Step 304：The merging of positive negative sample is put into the loss function of the Euclidean distance represented about paper distribution using δ In, and the loss function for being balanced positive negative sample calculates, and obtains whole loss function L, performs step 305；

Step 305：Non-linear transform function f is determined using stochastic gradient descent algorithm_θ, complete any two paper section Point paper_aWith paper_oExpression study.

Network node expression is that each node in network is described with a vector.In order to handle in social networks Numerous and jumbled information and neighbor node relationship, the present invention propose a kind of parametrization network node represent learning method.It is this Network node represents that learning method can learn to a nonlinear mapping function so that can be simply from network node The vector that content information obtains network node represents.The vector of one node is represented, first can obtain it using random walk All mid-side nodes, then according to the relationship between twin network struction node and its neighbor node, and then learn to determine Nonlinear Mapping Function.In order to verify the effect of the present invention, the present invention carries out node point using Cora data sets to whole nodes of paper network The work of class, in the emulation experiment, the network node that is obtained by the method for the present invention represents vector with identical SVM classifier In the case of, classification results are significantly better than other methods, can verify that the present invention is carrying out network node table to paper network Show that aspect is effective.

Description of the drawings

Fig. 1 is the flow chart that the paper network node that the present invention parameterizes represents study.

Fig. 2 is the evaluation result of the Micro-F1 indexs in Cora data sets.

Fig. 3 is the evaluation result of the Macro-F1 indexs in Cora data sets.

Fig. 4 is the evaluation result of the Micro-F1 indexs in Wiki data sets.

Fig. 5 is the evaluation result of the Macro-F1 indexs in Wiki data sets.

Specific embodiment

Below in conjunction with drawings and examples, the present invention is described in further detail.

In the present invention, paper is denoted as paper, and more paper paper form a paper set, are denoted as AP, and AP= {paper₁,paper₂,…,paper_a,…,paper_o,…,paper_A}；Any one paper in the paper set AP exists It is known as a paper node in star paper network structure；

paper₁Represent first paper node；

paper₂Represent second paper node；

paper_aRepresent a-th of paper node, a represents the identification number of paper node；

paper_ARepresent the last one paper node, A represents paper sum, a ∈ A.

For convenience of explanation, paper_aAlso referred to as any one paper node, paper_oIt is except paper_aExcept another Arbitrary paper node, hereinafter by paper_aReferred to as first arbitrary paper node, paper_oReferred to as second arbitrary paper node.

Any one paper node paper will be belonged to_aWhole neighbours' paper nodes be denoted asAndAlso referred to as neighbours-paper node Collection；

Expression belongs to any one paper node paper_aFirst neighbor node；

Expression belongs to any one paper node paper_aSecond neighbor node；

Expression belongs to any one paper node paper_aAny one neighbor node, b represent neighbor node Identification number；

Expression belongs to any one paper node paper_aThe last one neighbor node, B expression belong to paper_aNeighbor node sum, B ∈ A.

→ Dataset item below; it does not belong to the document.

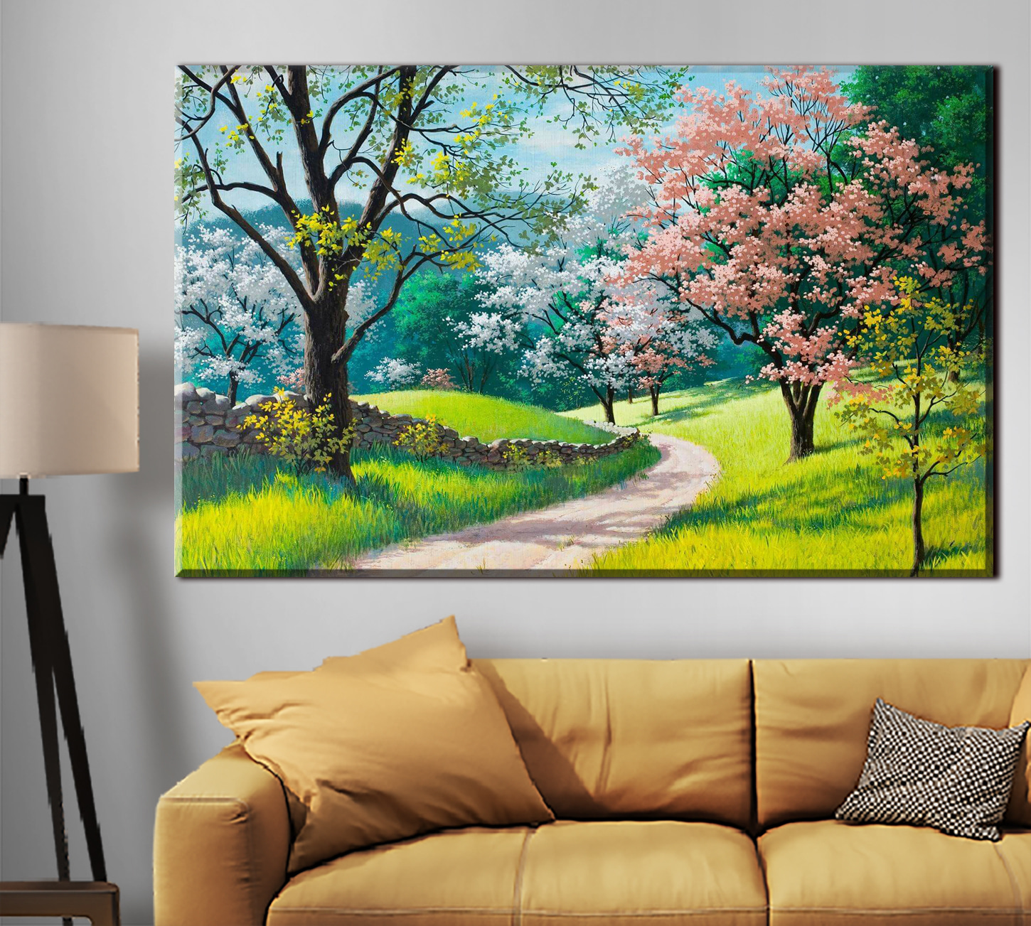 Imaginez que vous entriez dans votre chambre et que vous soyez accueilli par cette impression sur toile luxuriante et rêveuse – des arbres bourdonnant de fleurs roses et blanches. C’est comme si vous entriez dans un livre de contes de fées dans votre propre maison. Il y a quelque chose de presque magique, comme si l’air était rempli de l’odeur du printemps et du chant des oiseaux, même si nous sommes en plein hiver. Le chemin sinueux vous invite à une promenade tranquille, peut-être à vous perdre dans des pensées de journées ensoleillées et de brises chaudes. C’est une échappée belle, parfaite pour tous ceux qui aiment une touche de nature et de fantaisie dans leur décoration. Transformez n’importe quel mur terne en une scène d’extérieur vibrante ; c’est un véritable stimulant pour le bonheur.

Any one neighbor node will be belonged toWhole neighbours' paper nodes be denoted asAndThe also referred to as neighbours of neighbours-paper section Point set.

Expression belongs to any one neighbours' paper nodeFirst neighbor node；

Expression belongs to any one neighbours' paper nodeSecond neighbor node；

Expression belongs to any one neighbours' paper nodeAny one neighbor node, e expression belong to Neighbours' paper nodeNeighbor node identification number；

Expression belongs to any one neighbours' paper nodeThe last one neighbor node, E expression belong toThe neighbor node sum neighbor node of neighbours (referred to as sum), E ∈ A.

In the present invention, the star paper network structure used for《Interconnection network architecture is analyzed》Fig. 1 .19 of page 37 (c) structure.Wang Dingxing, Chen Guoliang are write；October nineteen ninety the first edition.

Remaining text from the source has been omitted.